■ Requirement: Everything below from the line with "捻転とは体を捻じり、その戻ろうとする力をクラブに伝えるというもの。" through the line with "全荷学联主席陈榆简要分享了全" must be retyped exactly, except the pictures.
[[ Input for this task open ]]
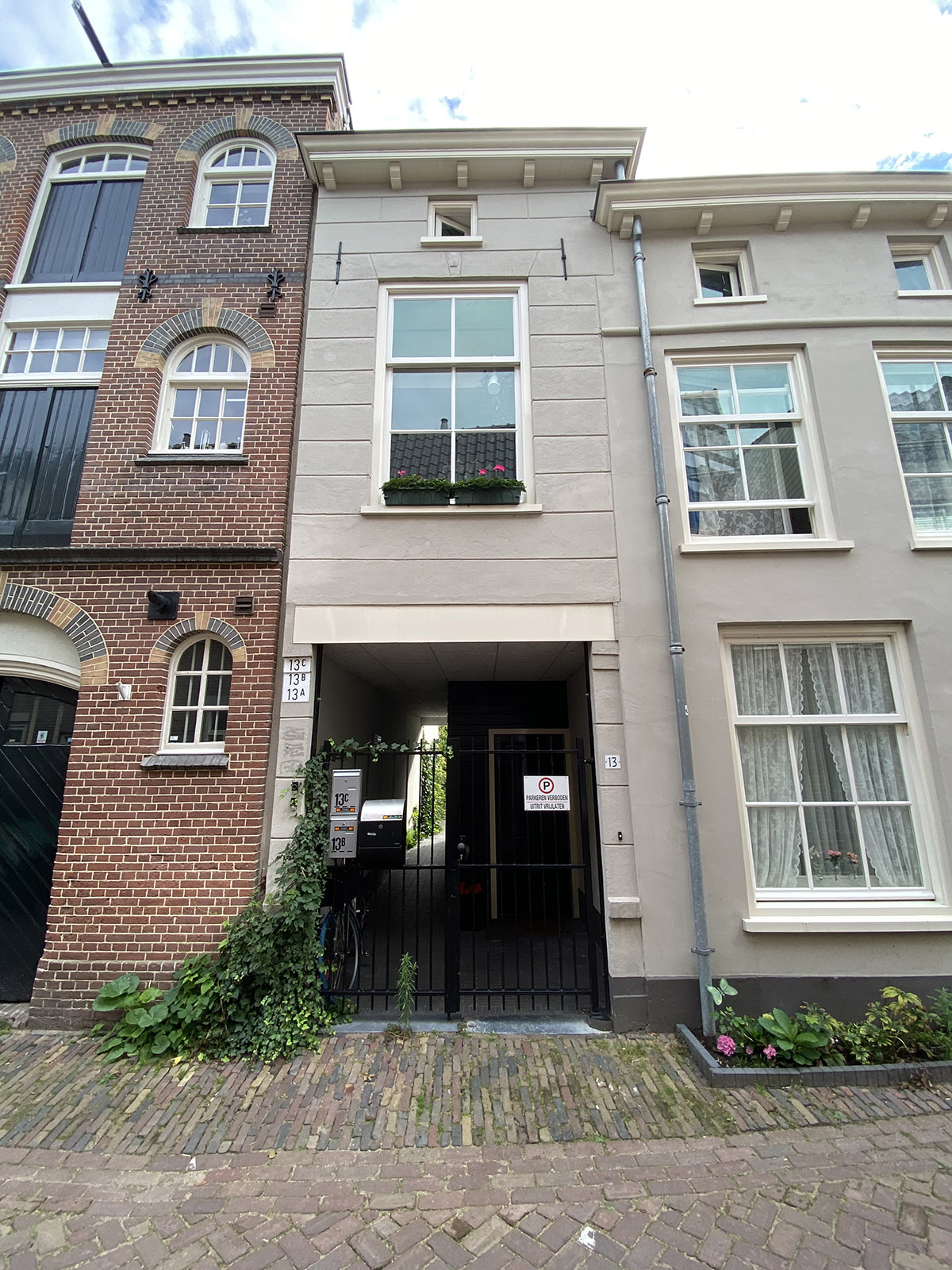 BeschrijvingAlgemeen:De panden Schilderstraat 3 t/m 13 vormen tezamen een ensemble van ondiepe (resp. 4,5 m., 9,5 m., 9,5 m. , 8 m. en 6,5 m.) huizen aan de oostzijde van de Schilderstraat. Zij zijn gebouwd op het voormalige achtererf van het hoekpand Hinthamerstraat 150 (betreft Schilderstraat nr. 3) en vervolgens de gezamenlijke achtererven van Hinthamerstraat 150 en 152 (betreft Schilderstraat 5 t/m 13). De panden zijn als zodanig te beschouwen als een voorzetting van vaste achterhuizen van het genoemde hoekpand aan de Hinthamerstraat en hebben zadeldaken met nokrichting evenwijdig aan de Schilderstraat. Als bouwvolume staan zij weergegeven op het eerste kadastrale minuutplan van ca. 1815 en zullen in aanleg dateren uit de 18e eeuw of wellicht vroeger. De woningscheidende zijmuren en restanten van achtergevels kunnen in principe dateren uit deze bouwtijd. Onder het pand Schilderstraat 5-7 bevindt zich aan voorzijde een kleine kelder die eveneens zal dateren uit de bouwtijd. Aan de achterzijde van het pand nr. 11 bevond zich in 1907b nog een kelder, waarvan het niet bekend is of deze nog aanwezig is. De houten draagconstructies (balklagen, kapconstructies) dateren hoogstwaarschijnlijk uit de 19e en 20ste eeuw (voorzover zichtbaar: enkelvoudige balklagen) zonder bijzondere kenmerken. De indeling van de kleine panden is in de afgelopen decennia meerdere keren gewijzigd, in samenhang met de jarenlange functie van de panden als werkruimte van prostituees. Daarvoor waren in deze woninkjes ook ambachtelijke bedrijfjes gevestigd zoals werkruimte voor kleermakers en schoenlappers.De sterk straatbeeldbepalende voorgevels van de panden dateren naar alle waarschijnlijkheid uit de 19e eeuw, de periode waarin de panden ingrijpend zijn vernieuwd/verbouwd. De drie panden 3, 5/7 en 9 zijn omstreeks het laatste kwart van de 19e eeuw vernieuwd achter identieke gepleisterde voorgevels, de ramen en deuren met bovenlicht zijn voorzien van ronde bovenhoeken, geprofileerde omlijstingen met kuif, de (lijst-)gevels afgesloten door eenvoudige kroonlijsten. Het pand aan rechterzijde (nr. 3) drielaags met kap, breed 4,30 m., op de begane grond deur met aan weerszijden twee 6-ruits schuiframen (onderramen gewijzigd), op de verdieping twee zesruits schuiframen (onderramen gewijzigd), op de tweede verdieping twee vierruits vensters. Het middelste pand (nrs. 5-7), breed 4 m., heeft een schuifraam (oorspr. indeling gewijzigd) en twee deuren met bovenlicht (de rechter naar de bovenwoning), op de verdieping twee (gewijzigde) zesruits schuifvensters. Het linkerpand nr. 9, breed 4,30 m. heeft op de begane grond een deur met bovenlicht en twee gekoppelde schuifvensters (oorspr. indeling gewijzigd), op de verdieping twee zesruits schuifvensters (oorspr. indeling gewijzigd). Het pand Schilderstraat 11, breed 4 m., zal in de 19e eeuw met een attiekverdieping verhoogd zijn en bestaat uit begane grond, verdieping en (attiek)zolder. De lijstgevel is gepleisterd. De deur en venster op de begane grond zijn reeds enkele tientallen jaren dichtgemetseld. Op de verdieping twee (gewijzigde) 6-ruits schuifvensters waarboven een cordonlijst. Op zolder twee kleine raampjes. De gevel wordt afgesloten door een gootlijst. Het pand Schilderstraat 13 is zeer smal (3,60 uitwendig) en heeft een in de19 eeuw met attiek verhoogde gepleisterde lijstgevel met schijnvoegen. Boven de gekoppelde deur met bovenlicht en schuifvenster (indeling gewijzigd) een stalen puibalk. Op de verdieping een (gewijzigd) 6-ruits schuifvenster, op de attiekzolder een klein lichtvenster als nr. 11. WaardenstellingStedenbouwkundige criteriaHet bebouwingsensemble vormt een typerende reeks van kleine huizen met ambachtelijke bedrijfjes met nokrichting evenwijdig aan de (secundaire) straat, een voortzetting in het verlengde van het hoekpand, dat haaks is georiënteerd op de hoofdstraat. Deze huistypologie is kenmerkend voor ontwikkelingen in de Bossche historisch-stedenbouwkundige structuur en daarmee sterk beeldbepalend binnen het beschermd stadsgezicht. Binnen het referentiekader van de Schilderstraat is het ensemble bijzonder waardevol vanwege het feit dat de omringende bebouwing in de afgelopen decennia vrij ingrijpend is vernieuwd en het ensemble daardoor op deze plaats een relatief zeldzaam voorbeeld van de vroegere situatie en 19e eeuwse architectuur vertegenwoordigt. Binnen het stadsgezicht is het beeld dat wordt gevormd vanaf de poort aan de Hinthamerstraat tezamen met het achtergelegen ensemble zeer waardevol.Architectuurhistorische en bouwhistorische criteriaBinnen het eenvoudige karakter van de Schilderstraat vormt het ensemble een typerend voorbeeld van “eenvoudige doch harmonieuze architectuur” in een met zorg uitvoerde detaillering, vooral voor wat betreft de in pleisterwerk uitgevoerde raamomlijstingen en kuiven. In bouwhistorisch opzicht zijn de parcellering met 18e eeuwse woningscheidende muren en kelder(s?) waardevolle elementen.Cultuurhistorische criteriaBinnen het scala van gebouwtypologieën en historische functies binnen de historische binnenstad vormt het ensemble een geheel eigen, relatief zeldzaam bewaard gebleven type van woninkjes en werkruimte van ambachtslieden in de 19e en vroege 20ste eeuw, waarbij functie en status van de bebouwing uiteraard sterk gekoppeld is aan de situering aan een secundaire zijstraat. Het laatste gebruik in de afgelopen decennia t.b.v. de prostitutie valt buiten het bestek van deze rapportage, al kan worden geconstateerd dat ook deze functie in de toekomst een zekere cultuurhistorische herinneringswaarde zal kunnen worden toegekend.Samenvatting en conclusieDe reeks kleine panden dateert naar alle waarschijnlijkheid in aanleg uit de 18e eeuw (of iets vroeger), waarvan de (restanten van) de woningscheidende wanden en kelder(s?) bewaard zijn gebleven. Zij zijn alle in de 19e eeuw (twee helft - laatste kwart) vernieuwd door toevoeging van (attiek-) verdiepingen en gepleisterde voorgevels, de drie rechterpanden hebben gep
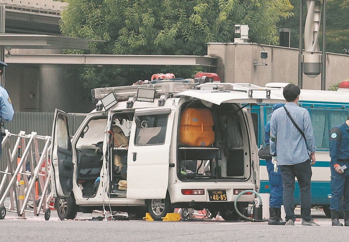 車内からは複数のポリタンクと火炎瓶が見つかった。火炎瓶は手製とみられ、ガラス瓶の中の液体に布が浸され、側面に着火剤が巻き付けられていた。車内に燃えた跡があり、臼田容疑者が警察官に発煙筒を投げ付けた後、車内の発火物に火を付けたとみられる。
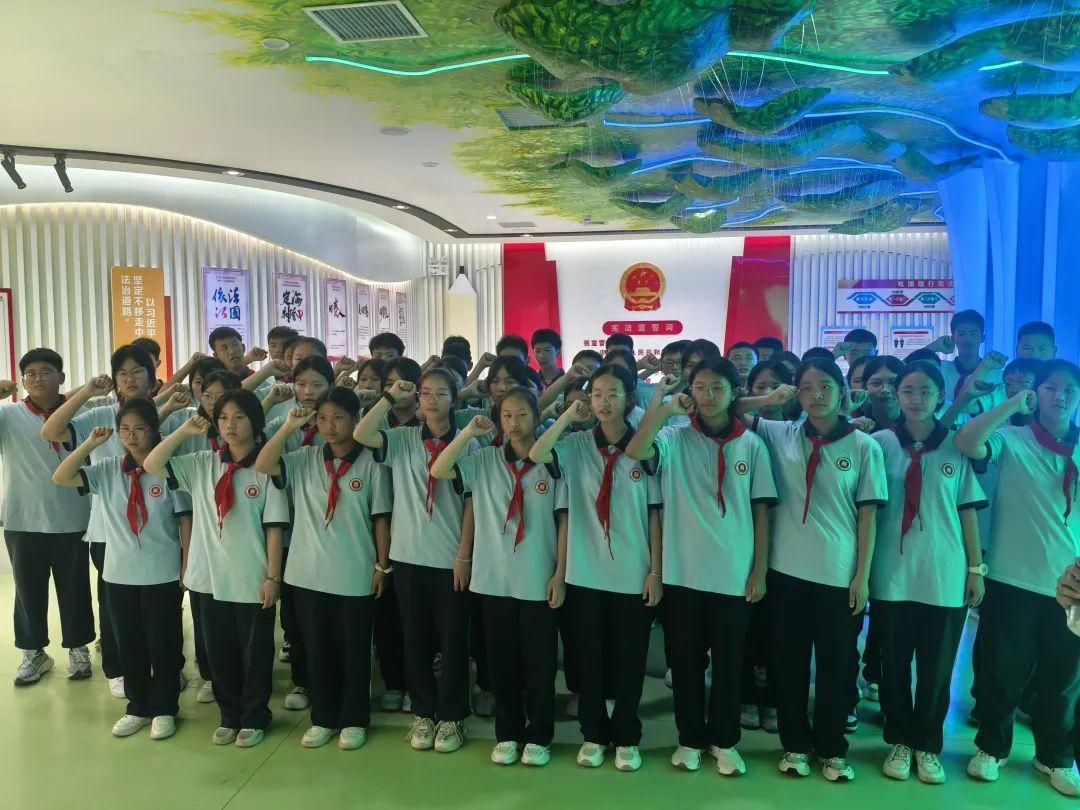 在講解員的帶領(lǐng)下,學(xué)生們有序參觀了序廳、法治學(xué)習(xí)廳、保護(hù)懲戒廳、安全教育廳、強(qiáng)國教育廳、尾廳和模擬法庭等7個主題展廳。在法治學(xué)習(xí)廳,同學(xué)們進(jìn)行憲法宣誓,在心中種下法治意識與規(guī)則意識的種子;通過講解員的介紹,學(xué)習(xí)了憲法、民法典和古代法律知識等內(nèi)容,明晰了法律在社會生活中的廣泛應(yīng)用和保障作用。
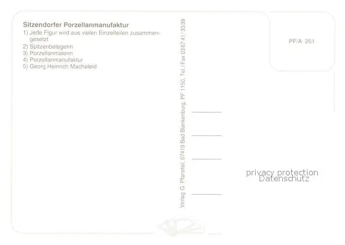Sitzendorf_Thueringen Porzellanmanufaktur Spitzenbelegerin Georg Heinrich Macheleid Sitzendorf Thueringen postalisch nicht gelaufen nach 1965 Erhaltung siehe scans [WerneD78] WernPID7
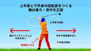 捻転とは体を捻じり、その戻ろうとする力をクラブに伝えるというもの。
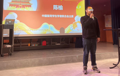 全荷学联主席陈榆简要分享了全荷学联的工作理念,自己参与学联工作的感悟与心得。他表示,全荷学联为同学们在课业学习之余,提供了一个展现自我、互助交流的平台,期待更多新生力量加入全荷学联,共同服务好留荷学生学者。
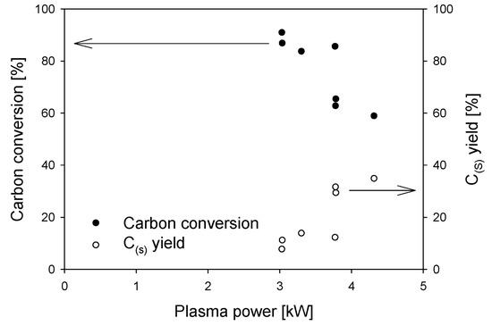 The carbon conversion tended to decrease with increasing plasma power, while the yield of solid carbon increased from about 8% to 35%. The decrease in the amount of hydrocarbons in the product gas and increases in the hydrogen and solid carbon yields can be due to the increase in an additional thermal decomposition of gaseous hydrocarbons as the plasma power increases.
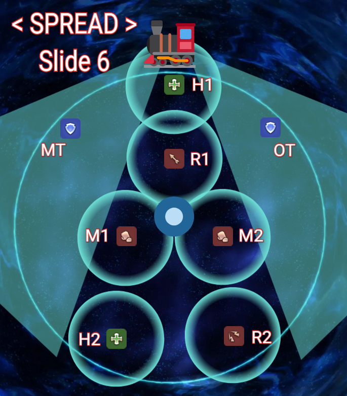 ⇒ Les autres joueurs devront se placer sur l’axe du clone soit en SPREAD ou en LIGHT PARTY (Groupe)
[[ Input for this task closed ]]
■ Solution:
 捻転とは体を捻じり、その戻ろうとする力をクラブに伝えるというもの。
 全荷学联主席陈榆简要分享了全荷学联的工作理念,自己参与学联工作的感悟与心得。他表示,全荷学联为同学们在课业学习之余,提供了一个展现自我、互助交流的平台,期待更多新生力量加入全荷学联,共同服务好留荷学生学者。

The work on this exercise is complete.